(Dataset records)
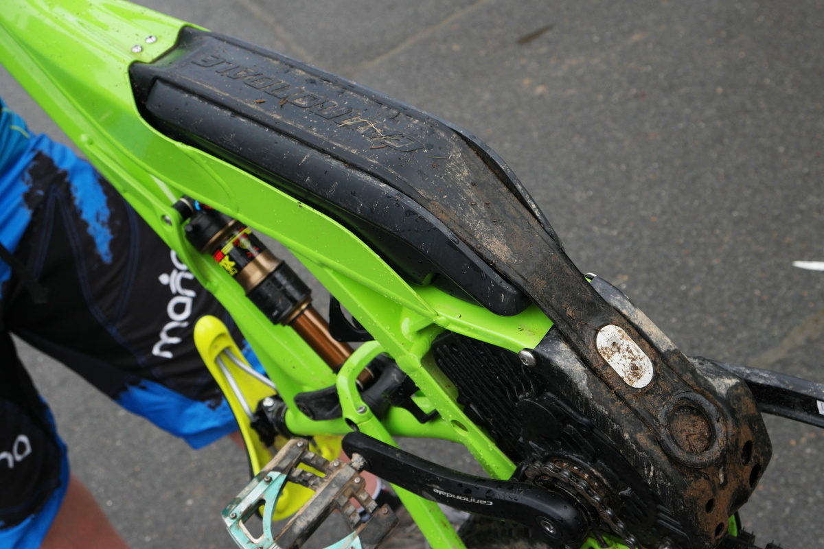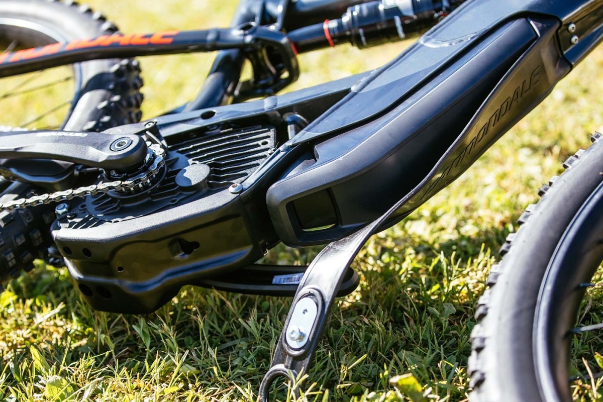 Už se pomalu blížíme do finále základní prezentace. Nejnižší možné polohy těžiště se dosáhlo již zmíněným specifickým umístěním akumulátoru. Zároveň takto vznikl i prostor pro plnohodnotnou láhev a košík a dalších pár vychytávek. Tedy již zmiňovaný gumový ochranný pás BatStrap pod baterií, či velký plechový protektor pod motorem. Zadní stavba jako taková je již celkem známou kreací ze současných strojů Cannondale, modelově Habit nebo Scalpel-Si. Jedná se o „prostý“ jednočep s přepákováním na tlumič (osa u zadní osy kola je nad patkou na vzpěrách, nikoliv pod ní na vidlici).
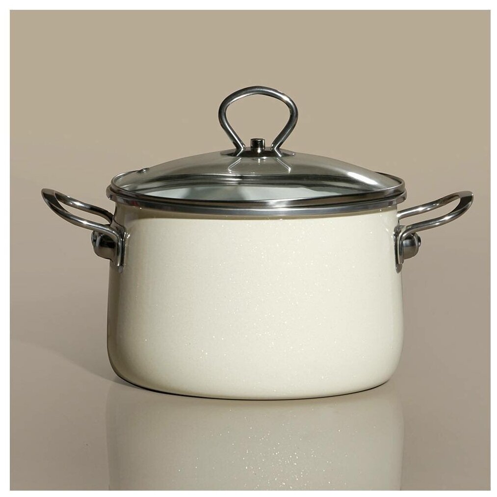 кастрюля эмалир. со стекл. крышкой с эффектом металлик серия deluxe цв:молочный 4,1 л. 20х13,5 см 3 885 ₽
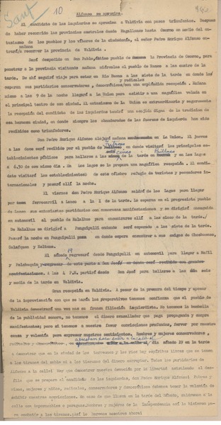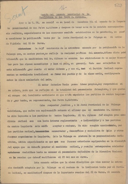 Sesión del comando provincial de la candidatura de don Pedro E. Alfonso [manuscrito] Fernando Santiván.
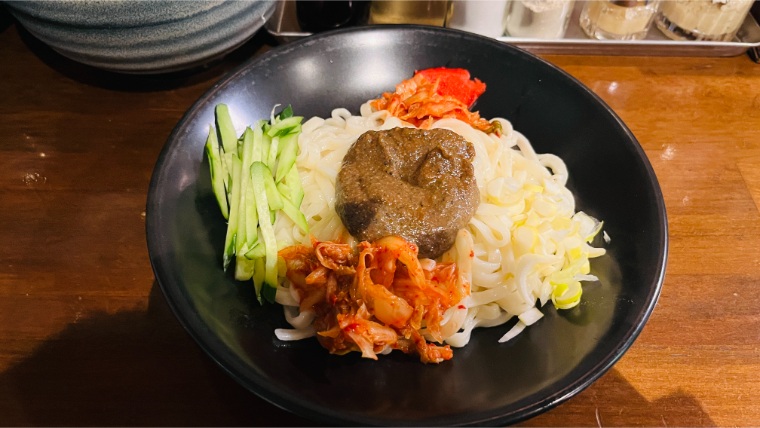 個人的にかなりヒットだったのがキムチじゃじゃ麺。じゃじゃ麺にキムチはありそうでなかった組み合わせですが、これが合います。キムチの酸味と辛味が全体にほんのり広がり、いつものじゃじゃ麺とは違う美味しさ。王道のじゃじゃ麺にあまりピンとこなかった人にも、ぜひ試してほしい味だと思いました。
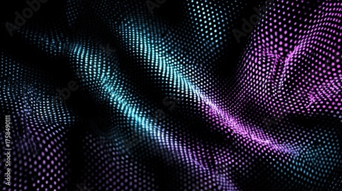 Wavy blue halftone pattern creating a flowing digital landscape with dotted grid on a blue background
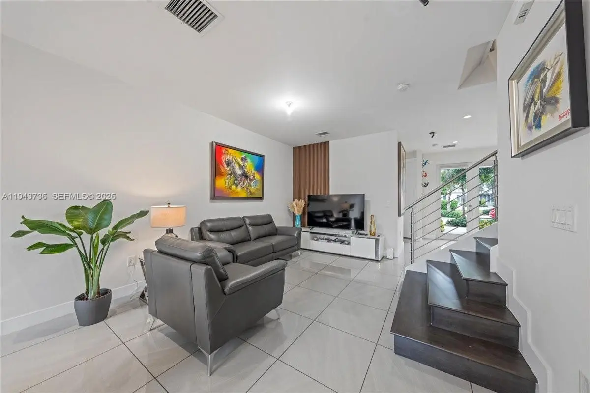 Beautiful modern townhouse in the highly desirable Landmark at Doral. Model B, 2 stories, featuring 4 bedrooms -3 full bathrooms, including 1 BEDROOM and FULL bath on the first floor—ideal for guests or multigenerational living. Open-concept layout with spacious family and dining areas. Contemporary kitchen with quartz countertops, stainless steel appliances, and sleek modern cabinetry. Luxury finishes throughout. Upstairs boasts brand-new vinyl flooring and a new A/C system. New dryer, Very low maintenance fees. Excellent floor plan filled with natural light. One-car garage plus driveway parking for 1–2 additional vehicles. Enjoy Landmark’s exclusive resort-style clubhouse, amenities, and community activities. Prime Doral location near top schools, shopping, dining, and major highways. Easy to show. Call or text listing agent or schedule via Showing Online.
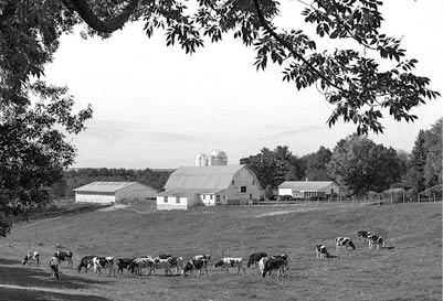 Western Southwick, by contrast, is a varied terrain of hills, swamps, streams, forests, and ex-posed bedrock. It is excellent grass country. The ground drains and warms slowly after winter, but it retains moisture through most summers, supporting strong pasture growth. Brooks and small ponds provide water for livestock, and scattered small fields can be plowed and culti-vated on gentler slopes.
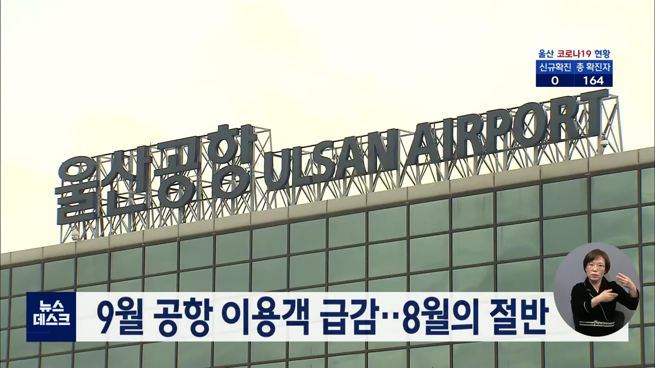 울산공항 9월 이용객 수가 지난 8월에 비해 절반 수준으로 크게 떨어졌습니다. 지난 3월부터 회복세를 보이며 8월에는 7만여명까지 이용객이 늘어 지난해와 비슷한 수준이었지만 코로나19 재유행의 여파로 9월 이용객은 3만 7천명까지 급감했습니다. 올해 울산공항의 1월부터 9월까지 이용객수는 모두 35만 1천여명으로 지...
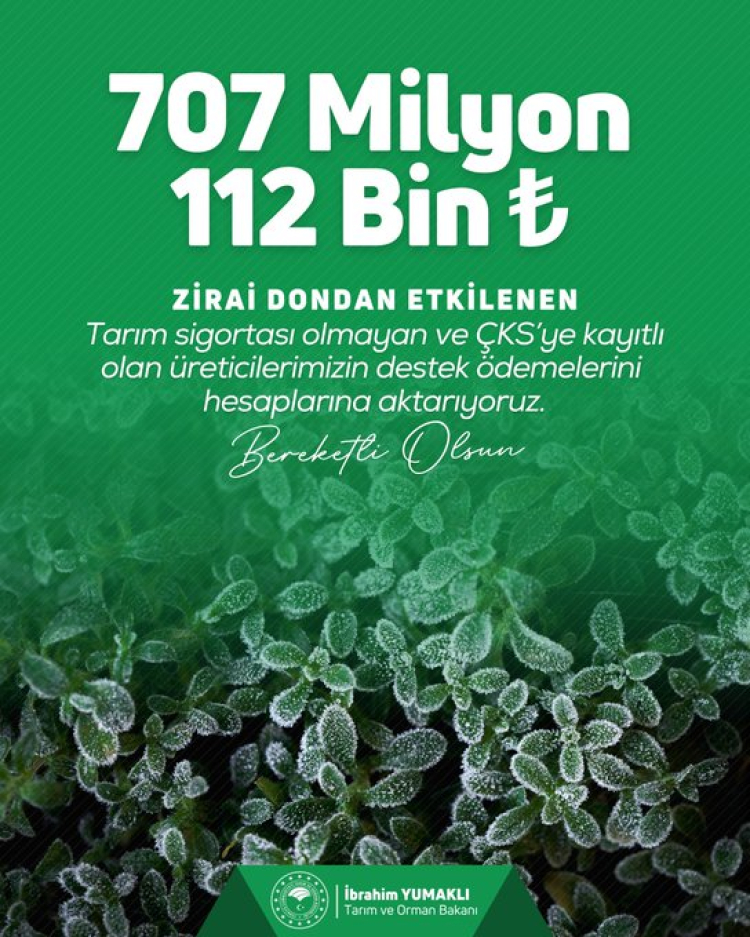 Bu ödeme, daha önce açıklanan ve TARSİM sigortası olmayan ÇKS’li üreticilere yapılacak toplam 23,5 milyar liralık don destek paketinin bir parçası niteliğinde. Bakanlık, bu paket kapsamında daha önce 13,4 milyar lira ödeme yapmıştı.
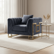 Enjoy this opulent and classy addition to your home! This Luxe Rasha Chair by Roots has a classic sleek beauty to it with it's dark blue and gold design. This velvety 1-seater belongs in any luxe room that wants to add a royal and plush feel to its surroundings. Pair this smooth and sophisticated piece with gold accents and impress while you decompress!
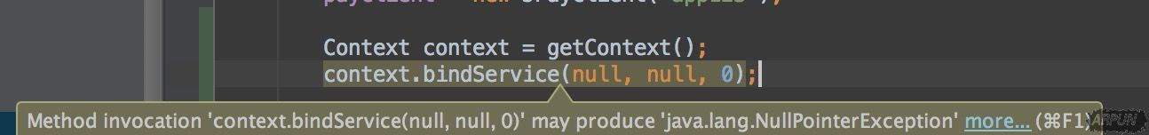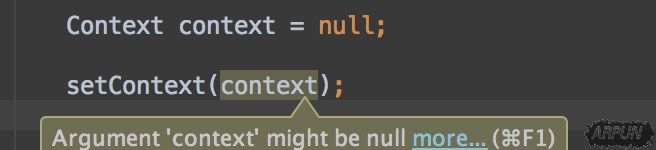 当我们对其传入一个空值的时候, 将会显示警告(但代码仍然能通过编译)
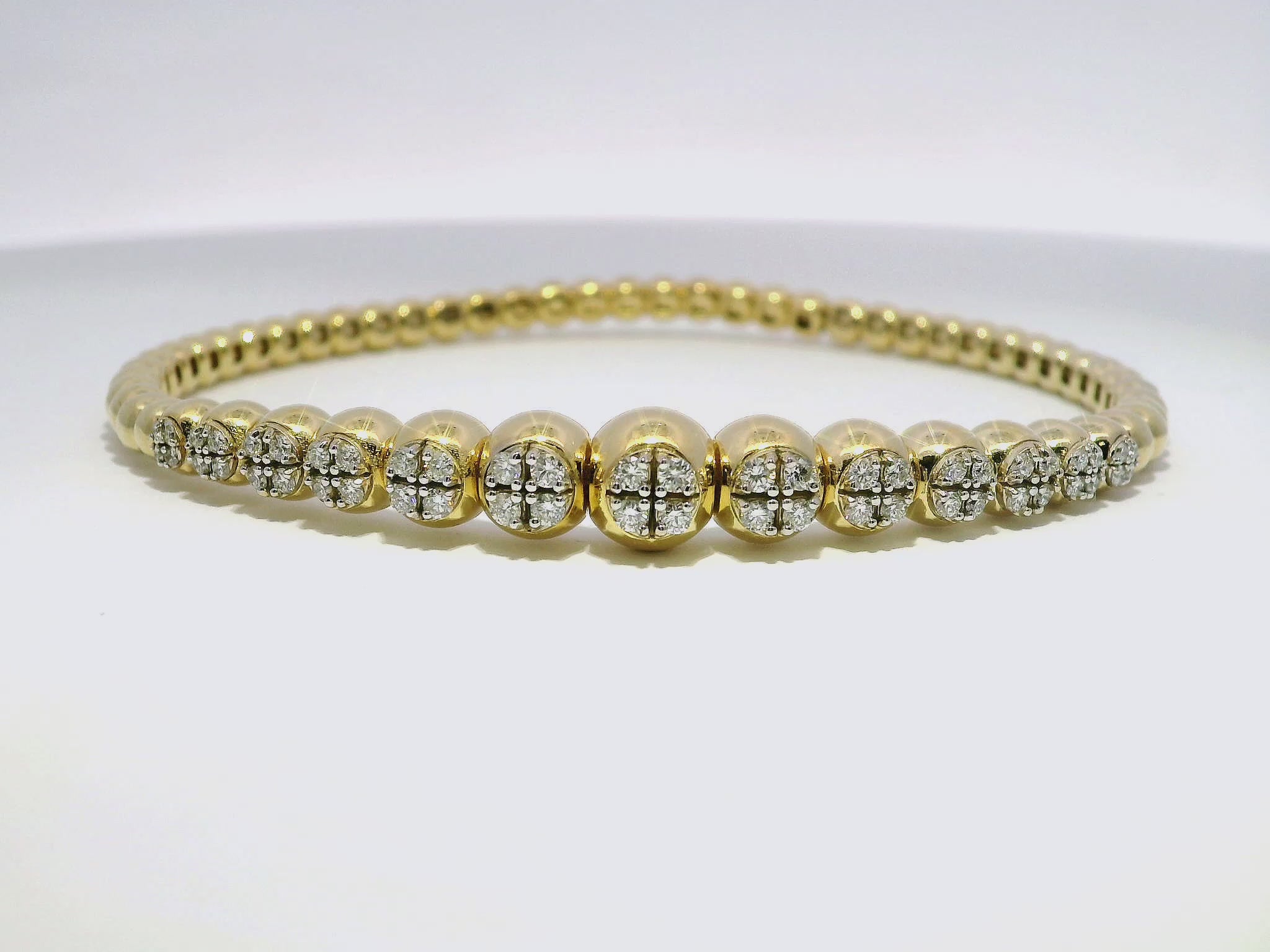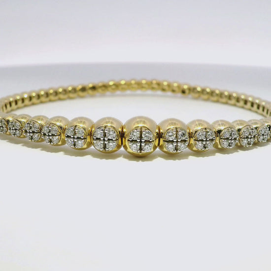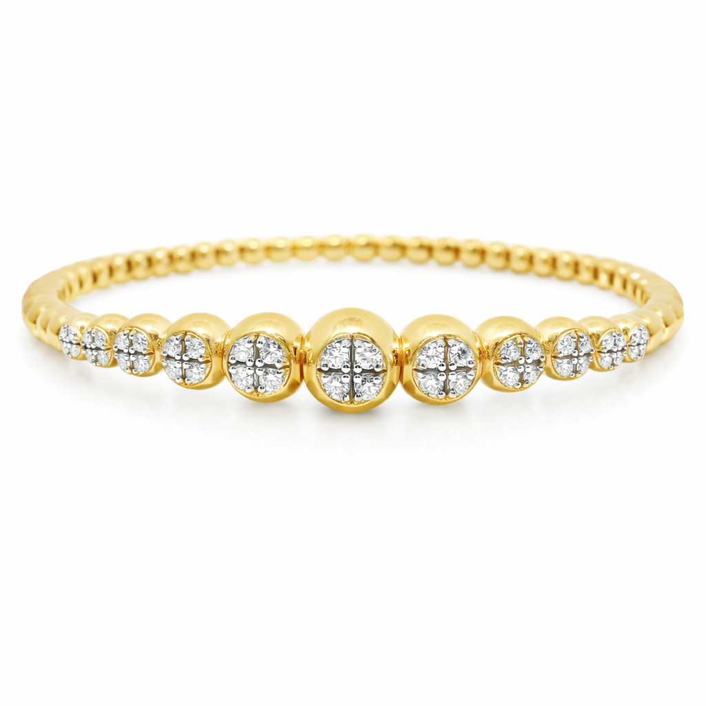 0.69CT Diamond 4 Stone Cluster ID Plain Beads Stretch Bangle 14k Yellow Gold
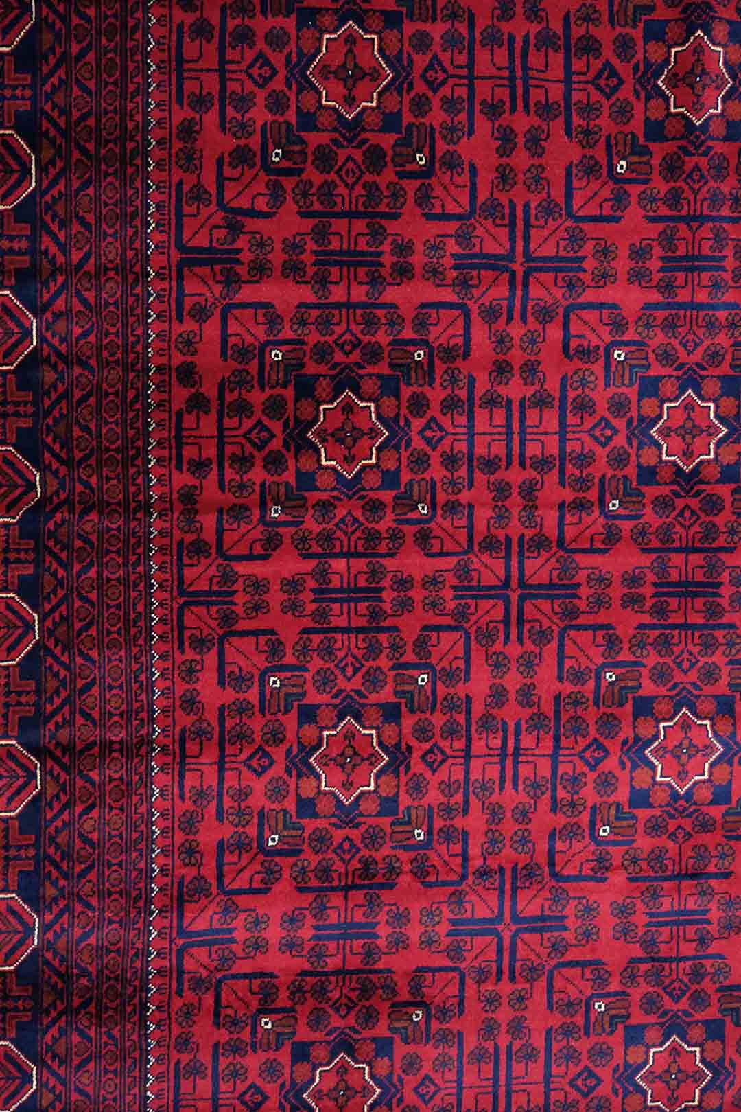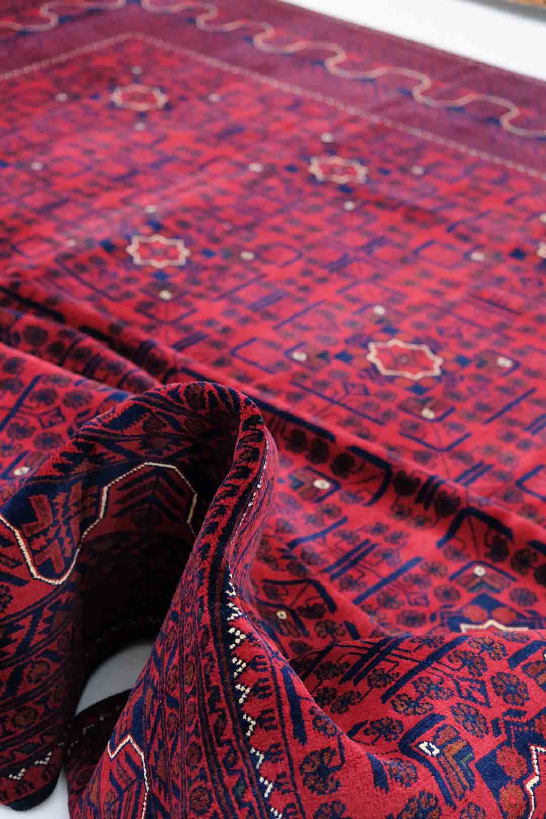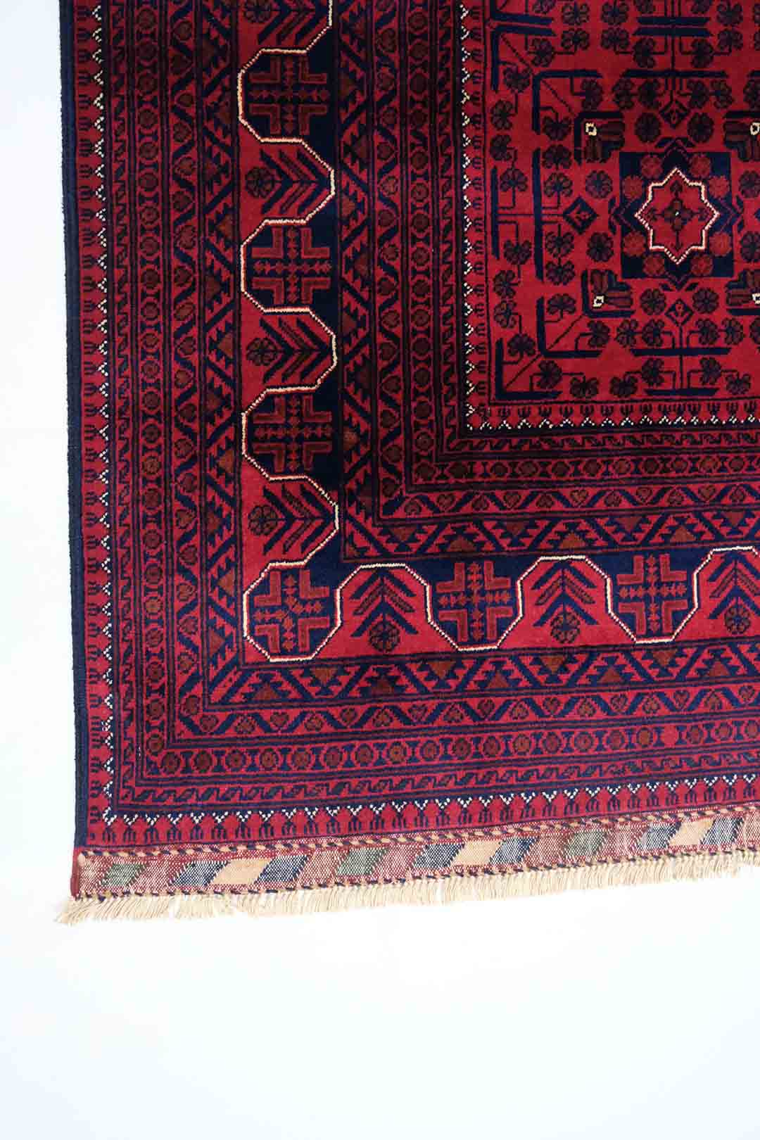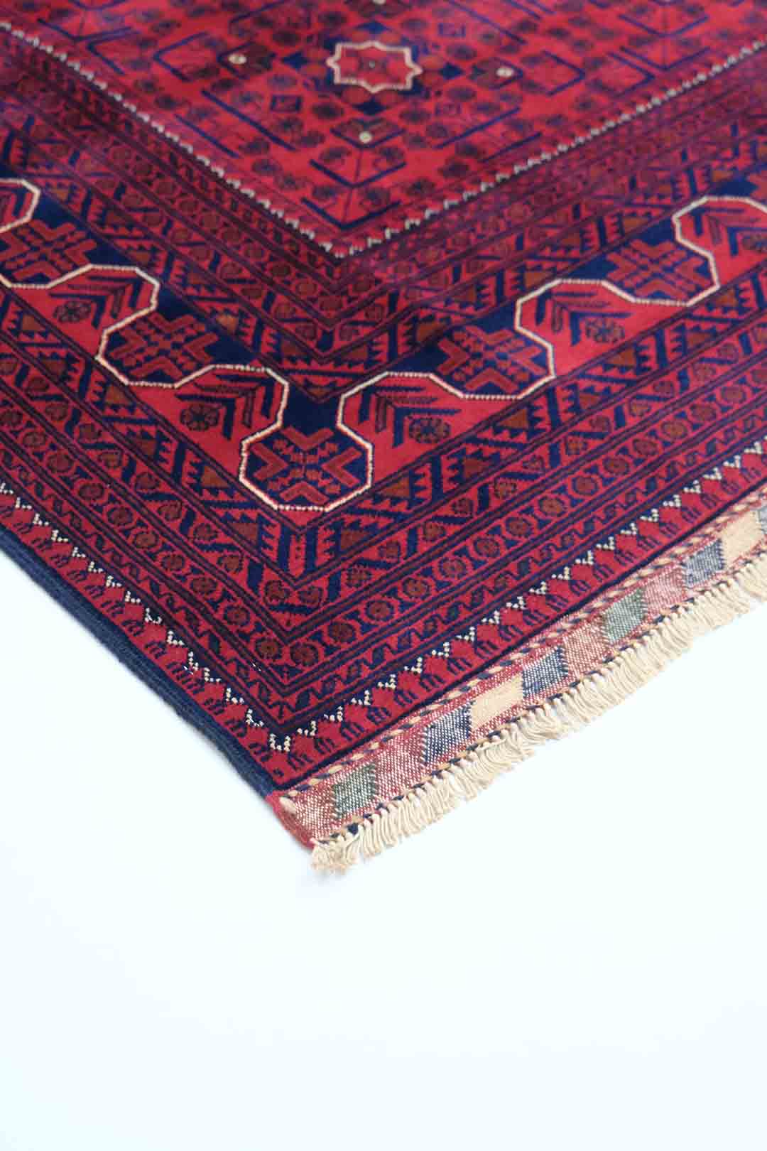 Afghanske Khan Mohammadi-tepper er tradisjonelle, håndknyttede tepper som stammer fra det nordlige Afghanistan, spesielt fra provinsene rundt byene Kunduz og Mazar-e Sharif. Disse teppene er kjent for sin utrolige kvalitet og solide håndverk. Typisk har Khan Mohammadi-tepper dype, varme farger som mørkerød, mørk blå og brune toner, ofte med geometriske mønstre og små detaljer som gjentas i hele teppet. Mønstrene har en sterk symbolikk og er inspirert av afghansk kultur og historie.

=== Task details ===
What you return must match, line for line, the records from the line containing "当我们对其传入一个空值的时候, 将会显示警告(但代码仍然能通过编译)" through their end, with both ends included and no pictures.

=== Result of this exercise ===
 当我们对其传入一个空值的时候, 将会显示警告(但代码仍然能通过编译)
 0.69CT Diamond 4 Stone Cluster ID Plain Beads Stretch Bangle 14k Yellow Gold
 Afghanske Khan Mohammadi-tepper er tradisjonelle, håndknyttede tepper som stammer fra det nordlige Afghanistan, spesielt fra provinsene rundt byene Kunduz og Mazar-e Sharif. Disse teppene er kjent for sin utrolige kvalitet og solide håndverk. Typisk har Khan Mohammadi-tepper dype, varme farger som mørkerød, mørk blå og brune toner, ofte med geometriske mønstre og små detaljer som gjentas i hele teppet. Mønstrene har en sterk symbolikk og er inspirert av afghansk kultur og historie.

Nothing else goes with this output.